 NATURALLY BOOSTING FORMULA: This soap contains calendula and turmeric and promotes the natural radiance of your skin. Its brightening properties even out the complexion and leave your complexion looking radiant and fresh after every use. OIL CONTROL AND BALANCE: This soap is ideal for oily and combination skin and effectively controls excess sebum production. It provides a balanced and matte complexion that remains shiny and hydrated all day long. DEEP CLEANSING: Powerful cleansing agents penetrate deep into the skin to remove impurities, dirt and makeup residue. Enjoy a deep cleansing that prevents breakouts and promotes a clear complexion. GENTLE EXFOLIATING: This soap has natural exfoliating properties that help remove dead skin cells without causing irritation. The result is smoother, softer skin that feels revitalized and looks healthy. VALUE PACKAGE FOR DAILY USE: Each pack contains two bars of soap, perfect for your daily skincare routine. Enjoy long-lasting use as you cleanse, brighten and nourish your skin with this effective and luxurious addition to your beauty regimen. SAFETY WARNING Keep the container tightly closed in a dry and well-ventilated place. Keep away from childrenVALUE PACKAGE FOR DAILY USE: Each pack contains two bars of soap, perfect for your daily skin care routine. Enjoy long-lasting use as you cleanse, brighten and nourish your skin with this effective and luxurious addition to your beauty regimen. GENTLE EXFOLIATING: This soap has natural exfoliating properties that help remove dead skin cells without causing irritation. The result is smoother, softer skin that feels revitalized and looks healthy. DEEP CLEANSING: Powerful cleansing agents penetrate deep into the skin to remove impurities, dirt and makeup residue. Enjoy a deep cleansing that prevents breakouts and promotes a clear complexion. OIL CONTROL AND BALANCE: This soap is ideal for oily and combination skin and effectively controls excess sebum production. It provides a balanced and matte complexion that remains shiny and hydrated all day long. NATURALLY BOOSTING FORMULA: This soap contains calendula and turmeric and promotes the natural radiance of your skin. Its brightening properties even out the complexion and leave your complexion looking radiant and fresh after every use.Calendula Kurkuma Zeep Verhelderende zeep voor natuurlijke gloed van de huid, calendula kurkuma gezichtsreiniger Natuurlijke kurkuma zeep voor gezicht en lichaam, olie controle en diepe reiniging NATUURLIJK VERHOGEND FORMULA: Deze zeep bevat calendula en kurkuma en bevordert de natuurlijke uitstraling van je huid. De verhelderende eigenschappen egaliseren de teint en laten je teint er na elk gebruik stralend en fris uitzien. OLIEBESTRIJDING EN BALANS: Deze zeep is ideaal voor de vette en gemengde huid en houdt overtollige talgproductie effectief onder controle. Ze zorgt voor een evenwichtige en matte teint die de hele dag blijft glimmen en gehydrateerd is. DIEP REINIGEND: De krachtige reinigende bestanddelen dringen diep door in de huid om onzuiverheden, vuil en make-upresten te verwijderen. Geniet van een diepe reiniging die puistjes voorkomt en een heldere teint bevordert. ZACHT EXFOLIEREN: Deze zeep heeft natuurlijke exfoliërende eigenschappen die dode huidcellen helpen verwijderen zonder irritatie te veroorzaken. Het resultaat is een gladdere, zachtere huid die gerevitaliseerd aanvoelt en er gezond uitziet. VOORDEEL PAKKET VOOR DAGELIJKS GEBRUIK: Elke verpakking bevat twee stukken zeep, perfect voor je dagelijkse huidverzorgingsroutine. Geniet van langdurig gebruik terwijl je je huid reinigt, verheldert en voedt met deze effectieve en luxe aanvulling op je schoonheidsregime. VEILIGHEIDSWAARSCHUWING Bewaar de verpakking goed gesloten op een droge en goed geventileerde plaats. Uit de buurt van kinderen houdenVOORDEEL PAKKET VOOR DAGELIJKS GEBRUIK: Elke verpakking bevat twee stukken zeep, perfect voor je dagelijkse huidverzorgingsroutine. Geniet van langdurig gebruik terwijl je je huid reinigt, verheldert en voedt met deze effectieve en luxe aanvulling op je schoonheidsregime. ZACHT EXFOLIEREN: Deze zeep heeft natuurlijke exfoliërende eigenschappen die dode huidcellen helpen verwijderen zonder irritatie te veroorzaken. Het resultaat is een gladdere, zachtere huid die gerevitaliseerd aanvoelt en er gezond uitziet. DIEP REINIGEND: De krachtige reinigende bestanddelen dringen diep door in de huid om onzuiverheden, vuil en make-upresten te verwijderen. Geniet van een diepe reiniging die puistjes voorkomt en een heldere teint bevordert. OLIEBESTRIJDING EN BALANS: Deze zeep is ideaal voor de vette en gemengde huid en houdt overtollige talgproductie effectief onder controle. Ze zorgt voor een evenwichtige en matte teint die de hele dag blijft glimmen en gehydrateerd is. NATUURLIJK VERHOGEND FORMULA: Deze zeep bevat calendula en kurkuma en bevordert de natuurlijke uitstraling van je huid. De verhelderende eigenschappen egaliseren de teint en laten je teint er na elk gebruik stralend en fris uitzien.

══════

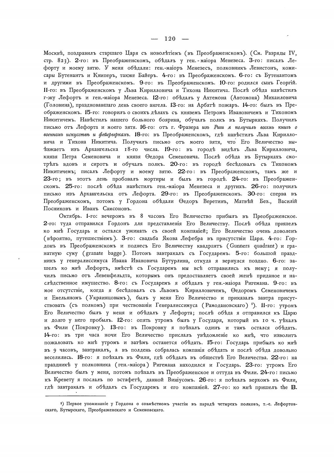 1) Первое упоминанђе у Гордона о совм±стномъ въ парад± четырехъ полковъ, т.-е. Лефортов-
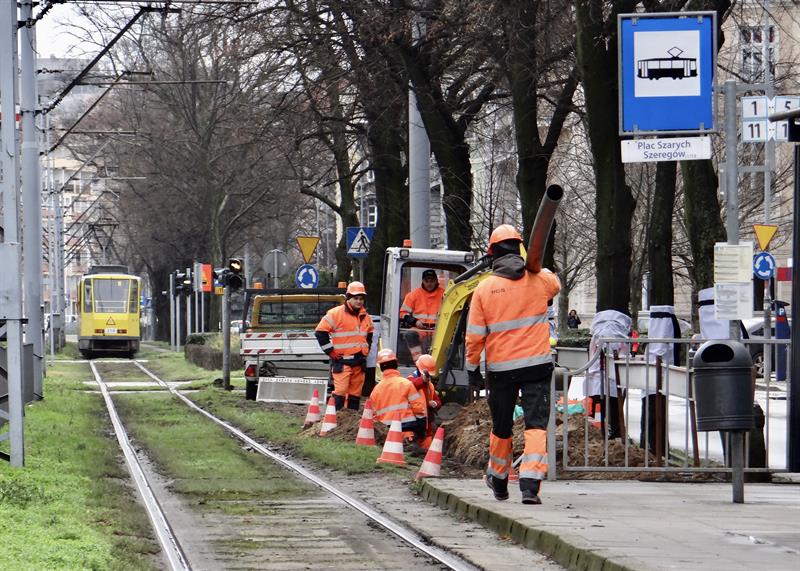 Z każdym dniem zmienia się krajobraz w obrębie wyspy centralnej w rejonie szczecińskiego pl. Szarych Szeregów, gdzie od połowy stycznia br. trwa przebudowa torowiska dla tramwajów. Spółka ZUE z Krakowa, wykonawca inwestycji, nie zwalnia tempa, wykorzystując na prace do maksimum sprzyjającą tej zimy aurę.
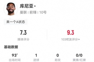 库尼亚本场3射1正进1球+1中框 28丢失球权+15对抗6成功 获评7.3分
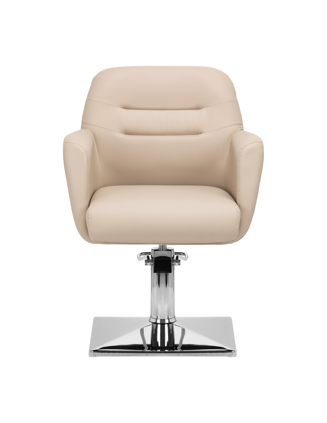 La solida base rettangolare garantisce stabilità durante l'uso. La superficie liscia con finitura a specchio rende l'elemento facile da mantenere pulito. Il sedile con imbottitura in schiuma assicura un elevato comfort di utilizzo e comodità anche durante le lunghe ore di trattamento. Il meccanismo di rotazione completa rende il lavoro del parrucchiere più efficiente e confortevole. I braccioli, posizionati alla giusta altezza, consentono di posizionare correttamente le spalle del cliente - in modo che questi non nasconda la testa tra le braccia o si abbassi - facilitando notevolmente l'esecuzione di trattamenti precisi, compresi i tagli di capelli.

══════

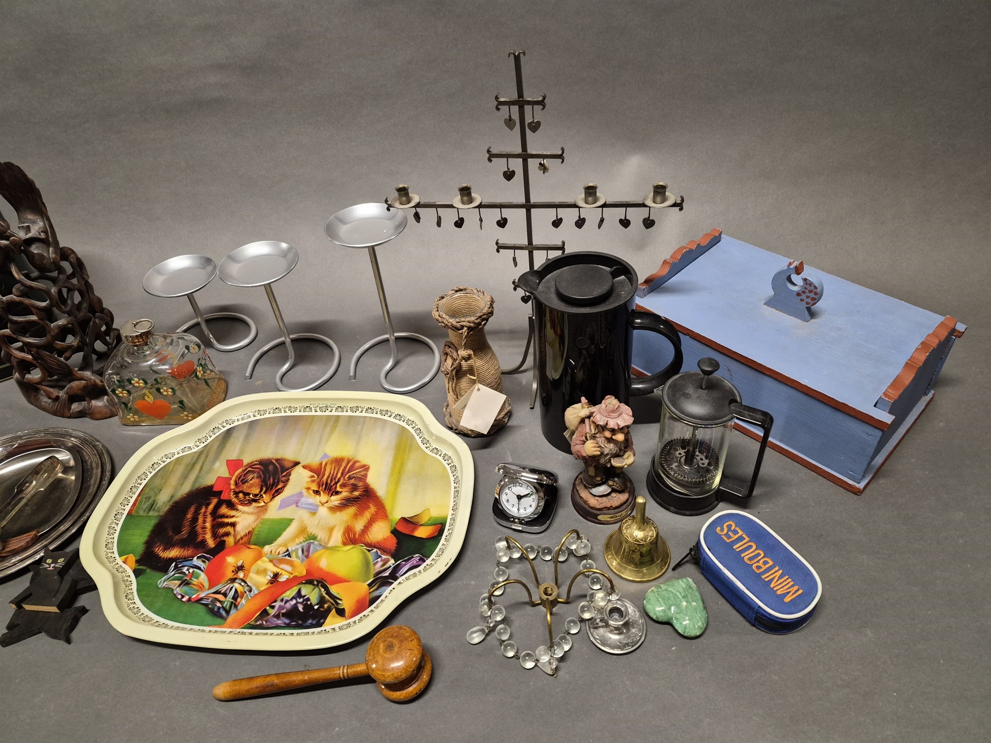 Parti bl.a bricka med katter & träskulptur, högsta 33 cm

══════

### What is needed:
Only the lines above from the one with "1) Первое упоминанђе" to the one with "La solida base" should be printed, both included and exactly as written; no picture belongs in the copy.

### Task response:
 1) Первое упоминанђе у Гордона о совм±стномъ въ парад± четырехъ полковъ, т.-е. Лефортов-
 Z każdym dniem zmienia się krajobraz w obrębie wyspy centralnej w rejonie szczecińskiego pl. Szarych Szeregów, gdzie od połowy stycznia br. trwa przebudowa torowiska dla tramwajów. Spółka ZUE z Krakowa, wykonawca inwestycji, nie zwalnia tempa, wykorzystując na prace do maksimum sprzyjającą tej zimy aurę.
 库尼亚本场3射1正进1球+1中框 28丢失球权+15对抗6成功 获评7.3分
 La solida base rettangolare garantisce stabilità durante l'uso. La superficie liscia con finitura a specchio rende l'elemento facile da mantenere pulito. Il sedile con imbottitura in schiuma assicura un elevato comfort di utilizzo e comodità anche durante le lunghe ore di trattamento. Il meccanismo di rotazione completa rende il lavoro del parrucchiere più efficiente e confortevole. I braccioli, posizionati alla giusta altezza, consentono di posizionare correttamente le spalle del cliente - in modo che questi non nasconda la testa tra le braccia o si abbassi - facilitando notevolmente l'esecuzione di trattamenti precisi, compresi i tagli di capelli.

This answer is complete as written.